We have reported microbiome metabolomic changes upon long-term treatment with UDCA and vitamin E in patients with liver dysfunction and higher body mass index values (Kim et al. 2018). Diminished phenylalanine levels were present in UDCA-treated individuals regardless of whether they had pre-existing conditions or were healthy. In addition, UDCA enabled the regulation of uremic toxins such as p-cresol sulfate and hippuric acid in patients. However, UDCA exerted anti-oxidative effects in healthy subjects. Therefore, we suggest with caution that short-term treatment with a non-toxic dose of UDCA may prevent liver dysfunction at a very early stage, presenting a possible new therapeutic strategy for healthy individuals or those with mild liver dysfunction.

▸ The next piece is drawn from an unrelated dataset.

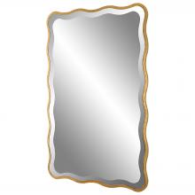 Showcasing A Feminine Scalloped Edge, This Shaped Wood Mirror Adds Whimsical Flair to Any Design. The Mirror is Finished in Aged Gold and Has A 1" Bevel.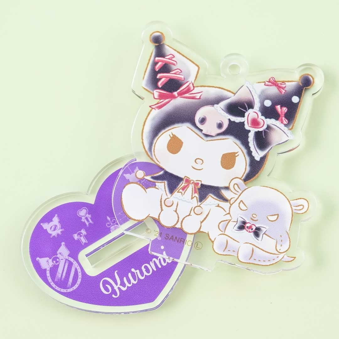 • A super kawaii 2-way acrylic heart stand featuring Kuromi sitting down

Mechanistic studies on such therapeutic interventions in healthy subjects might be interpreted inconsistently relative to those involving patients with disease. However, this study reported changes in a putative early biomarker of liver injury (miR-122) upon UDCA treatment, therefore enabling the further evaluation of pharmacological mechanisms. However, our small sample size likely compromised the statistical power of our results, thereby serving as a study limitation. Future studies evaluating the interaction between gut microbiota and dietary phenolic acids are required to potentiate the therapeutic effects of UDCA administration on human health. Together, this study demonstrated changes in metabolite levels following UDCA treatment in healthy men, and our data indicate that a potentially novel therapeutic strategy using UDCA may be possible.

5 Conclusion

In summary, in this study, we used a metabolomics approach involving LC/QTOFMS and GC/TOFMS to evaluate potential therapeutic mechanisms of UDCA in healthy men. The findings suggest that UDCA effectively improved liver function and decreased circulating miR-122 levels. The possible mechanisms underlying this hepatoprotection may involve metabolic modifications in amino acid, flavonoid, and fatty acid metabolism.